:: Records for this exercise ::
#####
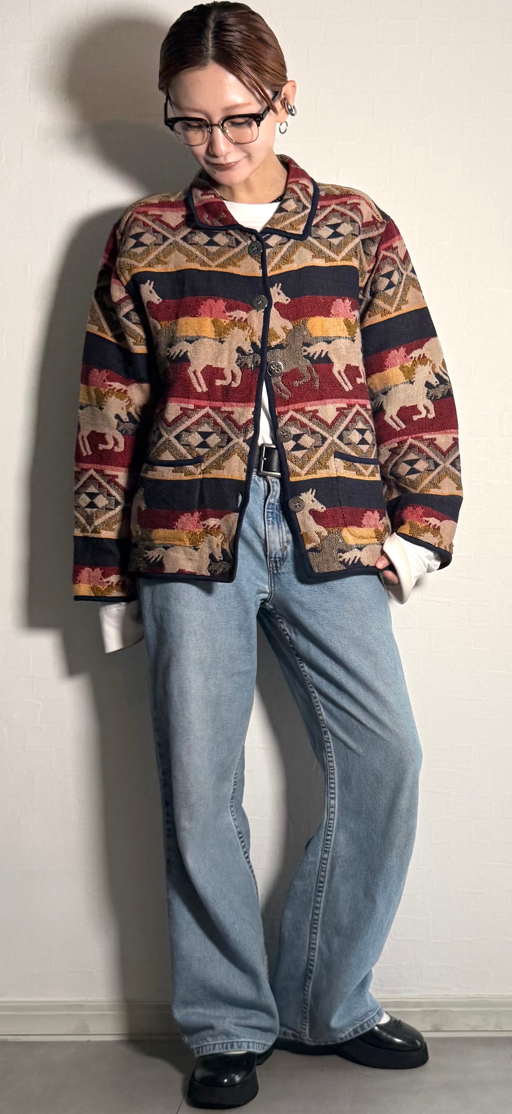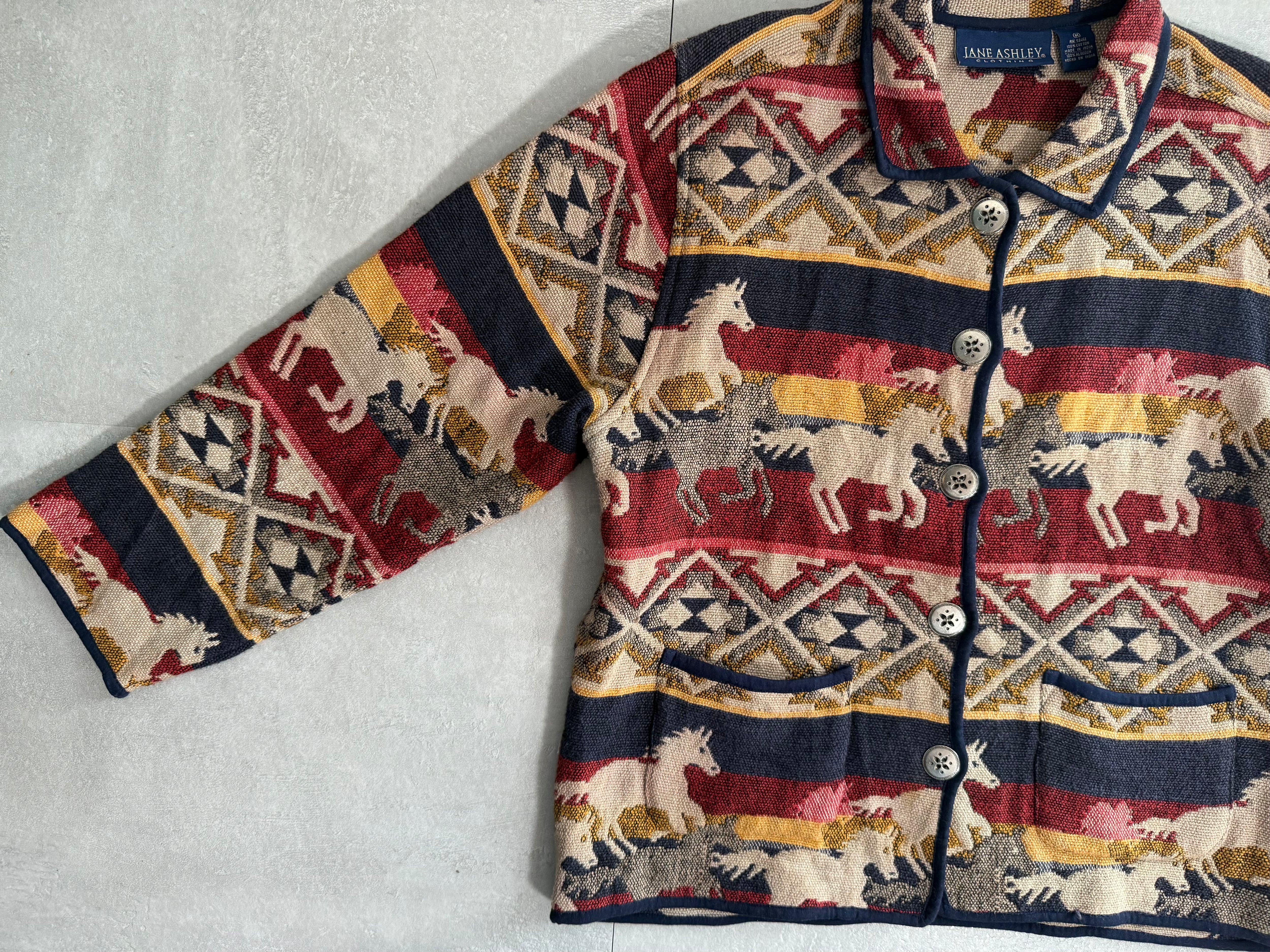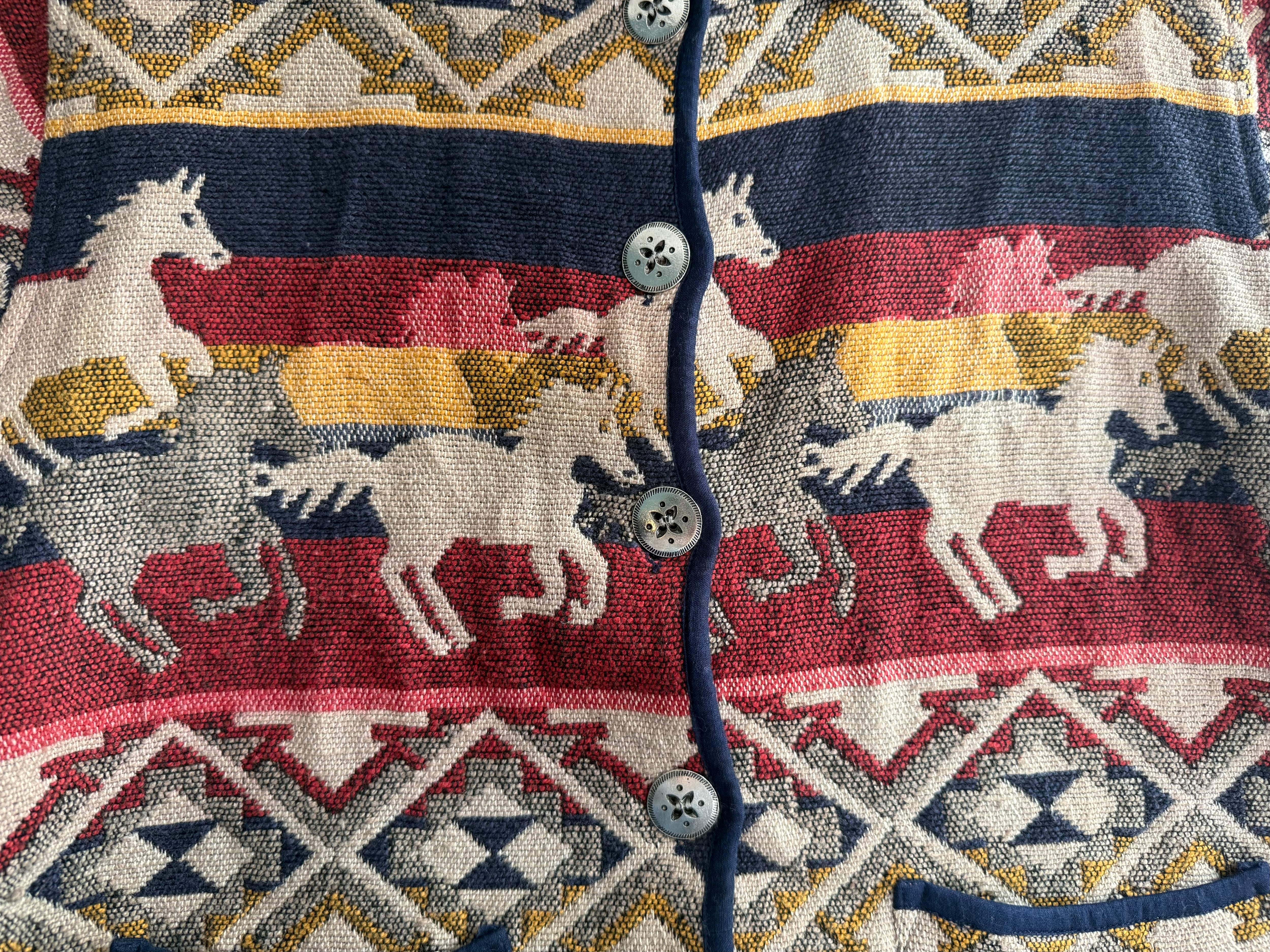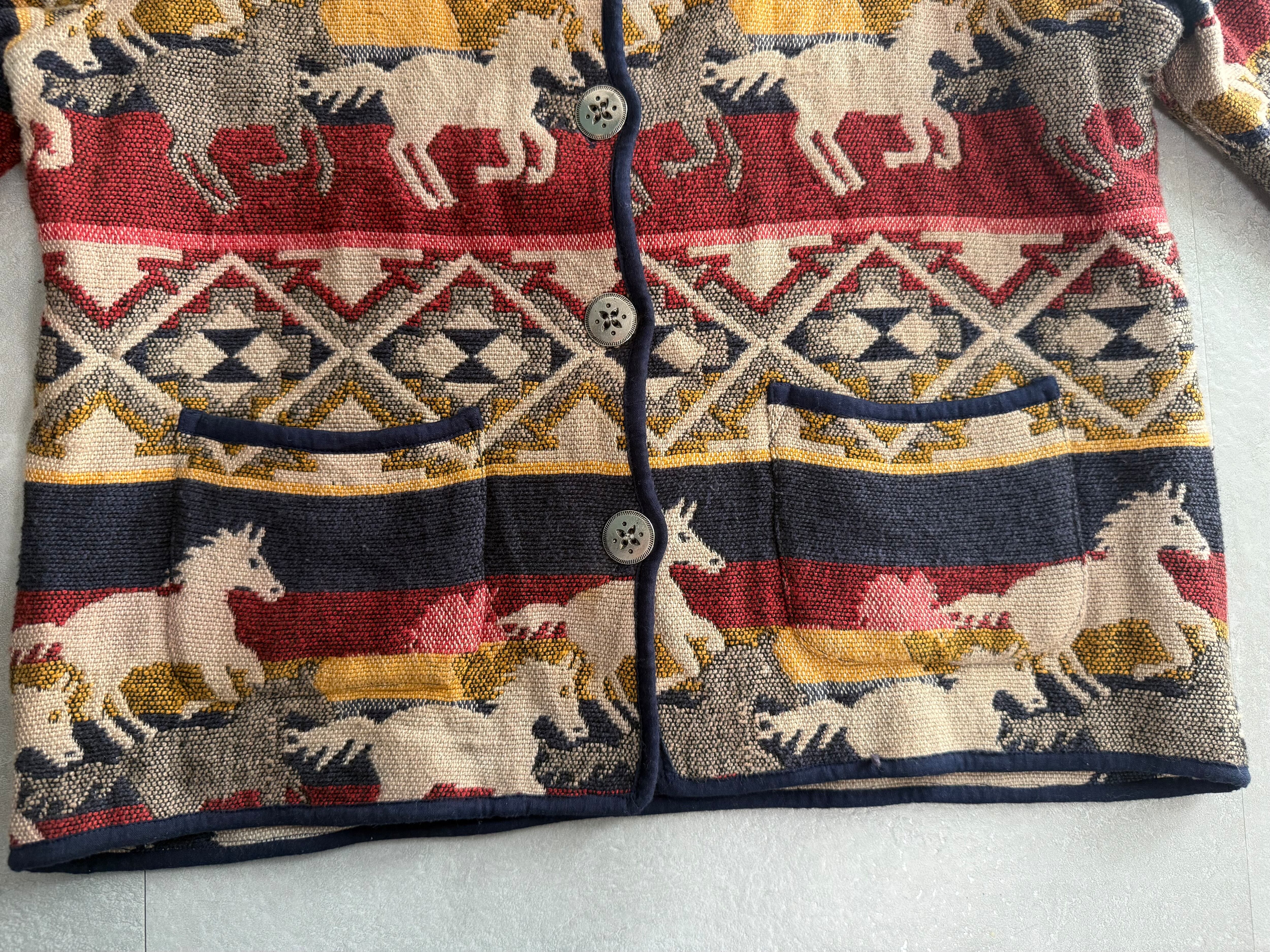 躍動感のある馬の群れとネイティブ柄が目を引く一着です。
#####
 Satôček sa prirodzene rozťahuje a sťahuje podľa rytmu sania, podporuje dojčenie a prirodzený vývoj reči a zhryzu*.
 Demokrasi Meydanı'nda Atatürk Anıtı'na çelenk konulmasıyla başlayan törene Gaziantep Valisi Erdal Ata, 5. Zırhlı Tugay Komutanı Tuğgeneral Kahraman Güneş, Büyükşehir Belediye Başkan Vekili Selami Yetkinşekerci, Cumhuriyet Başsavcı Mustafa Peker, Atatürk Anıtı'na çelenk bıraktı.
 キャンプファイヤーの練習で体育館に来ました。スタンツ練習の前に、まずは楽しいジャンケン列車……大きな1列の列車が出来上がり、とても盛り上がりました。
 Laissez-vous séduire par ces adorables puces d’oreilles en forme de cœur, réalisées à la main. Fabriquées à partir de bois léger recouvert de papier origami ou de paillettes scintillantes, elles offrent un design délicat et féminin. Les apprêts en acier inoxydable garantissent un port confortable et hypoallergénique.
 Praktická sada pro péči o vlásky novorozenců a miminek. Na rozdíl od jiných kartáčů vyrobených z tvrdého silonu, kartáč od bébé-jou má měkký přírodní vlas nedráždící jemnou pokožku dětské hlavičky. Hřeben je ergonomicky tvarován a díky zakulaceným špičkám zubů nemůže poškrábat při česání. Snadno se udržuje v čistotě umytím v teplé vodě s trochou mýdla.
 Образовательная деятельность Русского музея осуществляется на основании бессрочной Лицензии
#####
From the records above, repeat exactly the lines from the one with "キャンプファイヤーの練習で体" through the one with "Laissez-vous séduire par", both included.

 キャンプファイヤーの練習で体育館に来ました。スタンツ練習の前に、まずは楽しいジャンケン列車……大きな1列の列車が出来上がり、とても盛り上がりました。
 Laissez-vous séduire par ces adorables puces d’oreilles en forme de cœur, réalisées à la main. Fabriquées à partir de bois léger recouvert de papier origami ou de paillettes scintillantes, elles offrent un design délicat et féminin. Les apprêts en acier inoxydable garantissent un port confortable et hypoallergénique.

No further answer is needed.